Directions: Repeat exactly the lines beginning at the one that contains "Interessados(as) e que" and running to the end of the material. Omit the pictures.

Entries provided:
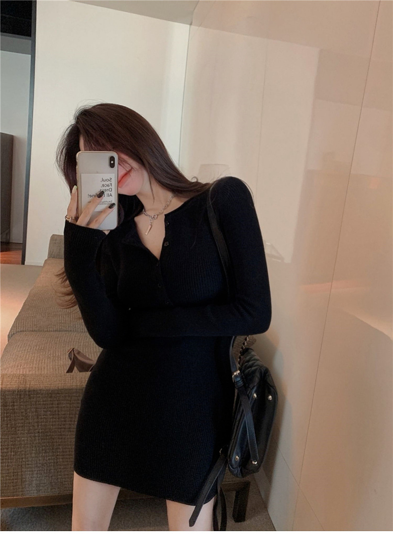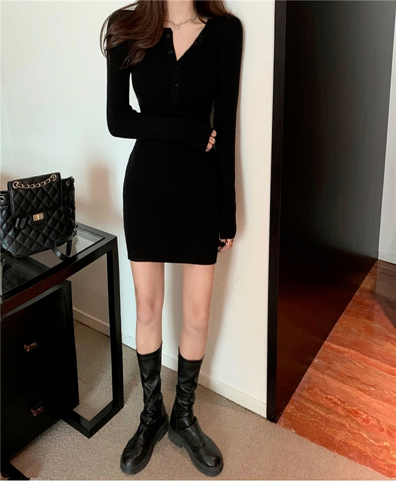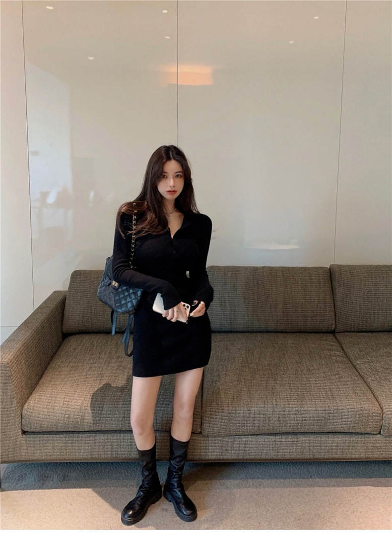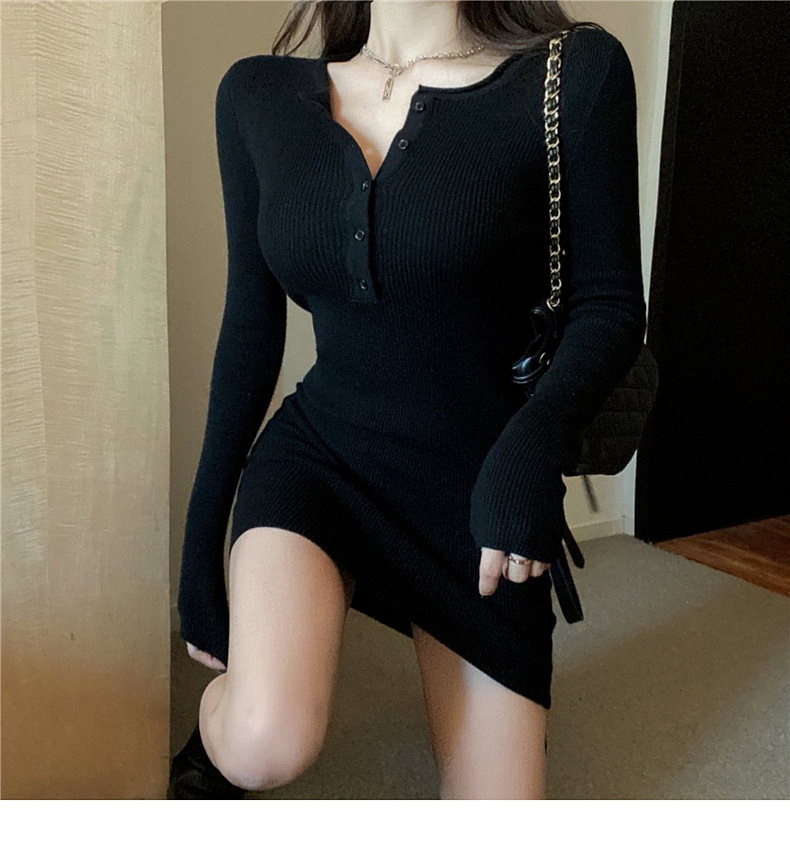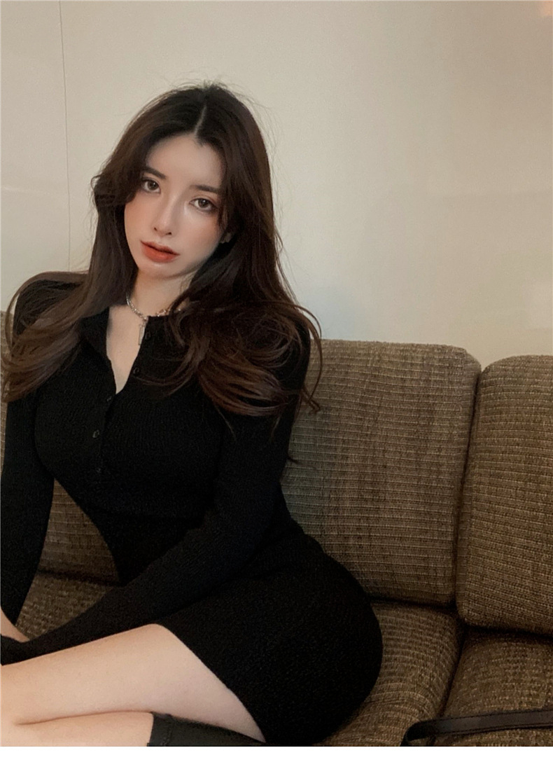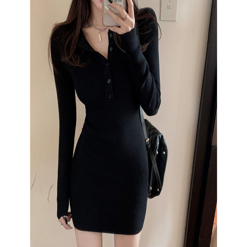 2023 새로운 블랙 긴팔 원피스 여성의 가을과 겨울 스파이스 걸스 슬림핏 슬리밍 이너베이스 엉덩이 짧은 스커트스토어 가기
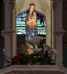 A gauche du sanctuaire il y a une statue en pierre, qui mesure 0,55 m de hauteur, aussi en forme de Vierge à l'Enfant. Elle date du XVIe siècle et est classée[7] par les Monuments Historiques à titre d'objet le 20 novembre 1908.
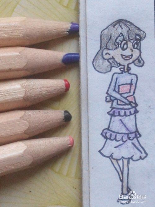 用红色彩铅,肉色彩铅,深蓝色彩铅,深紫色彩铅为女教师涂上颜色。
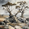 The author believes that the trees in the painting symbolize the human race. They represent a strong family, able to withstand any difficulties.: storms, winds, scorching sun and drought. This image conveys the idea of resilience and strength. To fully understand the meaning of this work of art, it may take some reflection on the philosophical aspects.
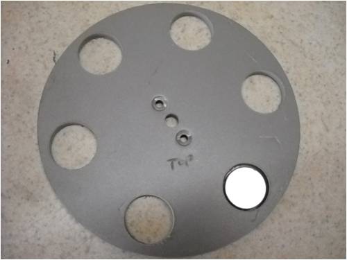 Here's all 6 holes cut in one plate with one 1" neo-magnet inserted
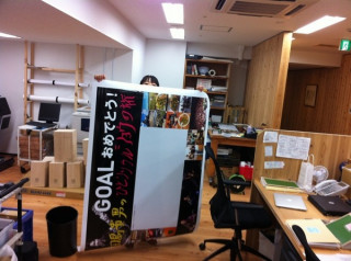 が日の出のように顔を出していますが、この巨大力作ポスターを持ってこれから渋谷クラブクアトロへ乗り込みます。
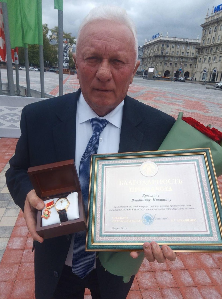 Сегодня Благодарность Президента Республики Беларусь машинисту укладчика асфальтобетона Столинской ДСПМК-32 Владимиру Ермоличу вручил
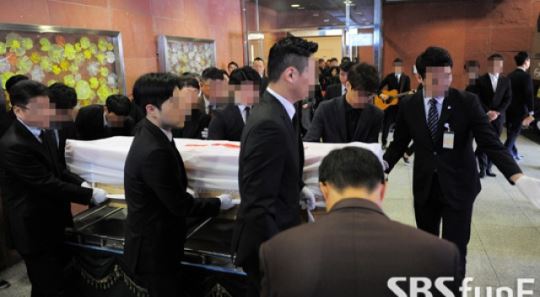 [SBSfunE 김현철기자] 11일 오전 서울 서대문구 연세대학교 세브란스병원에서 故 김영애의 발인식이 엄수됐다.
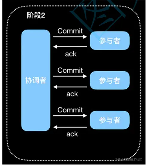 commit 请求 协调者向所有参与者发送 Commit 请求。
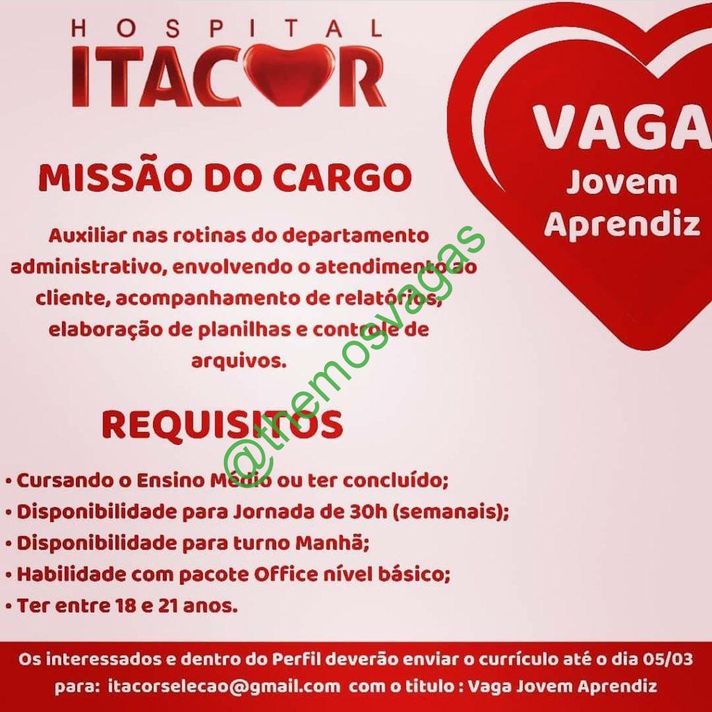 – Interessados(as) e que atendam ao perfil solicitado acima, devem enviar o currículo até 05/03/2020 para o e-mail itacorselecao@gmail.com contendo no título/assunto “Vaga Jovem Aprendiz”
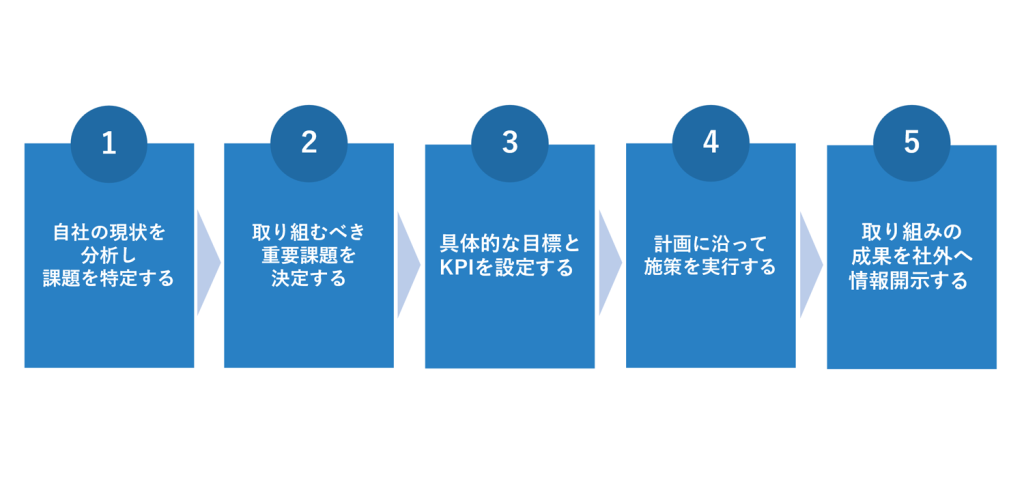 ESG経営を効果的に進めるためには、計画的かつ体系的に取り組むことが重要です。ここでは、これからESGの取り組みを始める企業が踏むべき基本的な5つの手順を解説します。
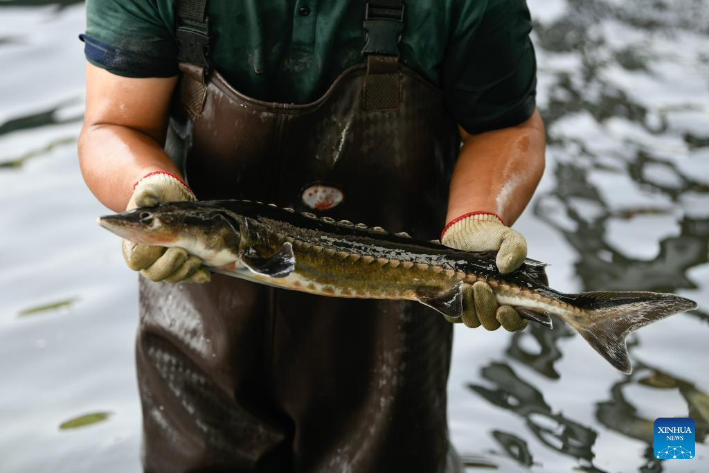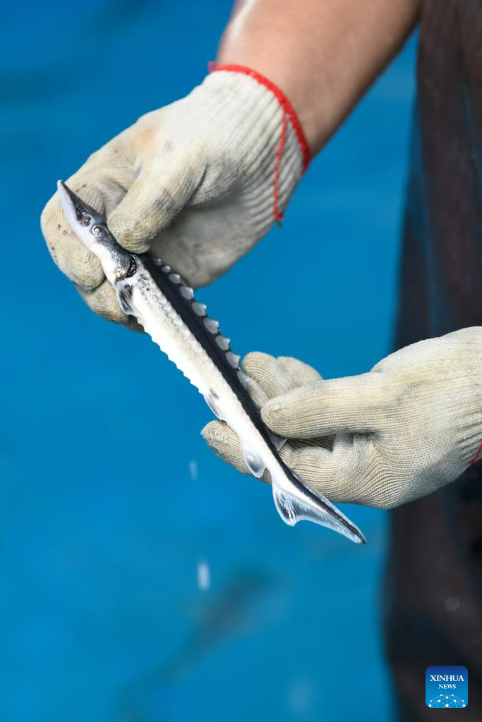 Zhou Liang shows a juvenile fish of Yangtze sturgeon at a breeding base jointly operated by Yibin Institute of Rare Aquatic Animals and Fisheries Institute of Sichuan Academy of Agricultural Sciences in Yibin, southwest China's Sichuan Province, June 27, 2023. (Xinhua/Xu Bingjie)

Response to this exercise:
 – Interessados(as) e que atendam ao perfil solicitado acima, devem enviar o currículo até 05/03/2020 para o e-mail itacorselecao@gmail.com contendo no título/assunto “Vaga Jovem Aprendiz”
 ESG経営を効果的に進めるためには、計画的かつ体系的に取り組むことが重要です。ここでは、これからESGの取り組みを始める企業が踏むべき基本的な5つの手順を解説します。
 Zhou Liang shows a juvenile fish of Yangtze sturgeon at a breeding base jointly operated by Yibin Institute of Rare Aquatic Animals and Fisheries Institute of Sichuan Academy of Agricultural Sciences in Yibin, southwest China's Sichuan Province, June 27, 2023. (Xinhua/Xu Bingjie)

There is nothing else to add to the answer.